Is there a right way to floss?

"Most people think it’s just up and down once and that is it. What you actually want is to go up and along the curve of the tooth, under the gum, and back down, and then do the same motion along the adjacent tooth. Repeat this up and down motion a couple of times.

"Go up and along the curve of the tooth, under the gum, and back down."

Under the gum is the most skipped area. People typically just floss up and down once real quick, but chances are, if you’re doing that, you’re leaving debris on the tooth — there is still stuff that could be wedged in there that you’re not getting out. The process itself is no more than a couple seconds on each surface. In total, flossing should take about one to two minutes."
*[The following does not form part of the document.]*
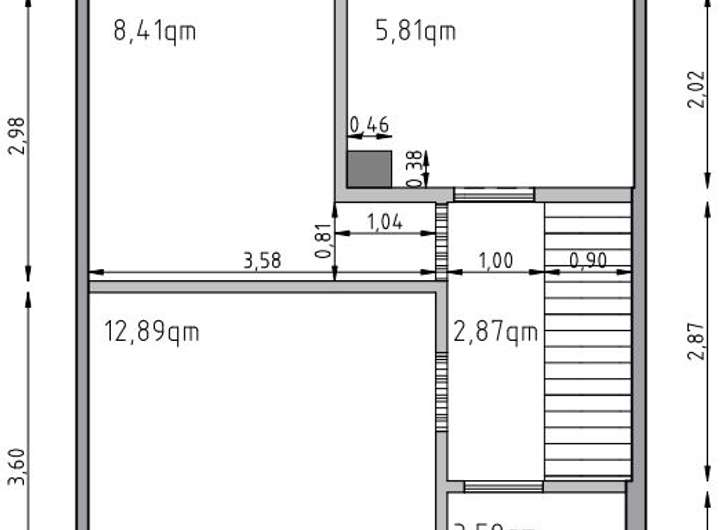 Die obere Etage hat, wie schon gesagt, drei unterschiedlich große Schlafräume und ein Bad mit Dusche, WC und Fenster.

    When should you floss?

    "In a perfect world, you would floss after each meal. But let’s be serious, 99 percent of the population is not going to do that out of lack of desire. So, if you are only going to do it once, do it before bed when you brush your teeth. At that point, you’re done eating for the day and you can get all the debris out of your teeth from the collective of meals. If you wait to floss until morning, bacteria have already done some harm."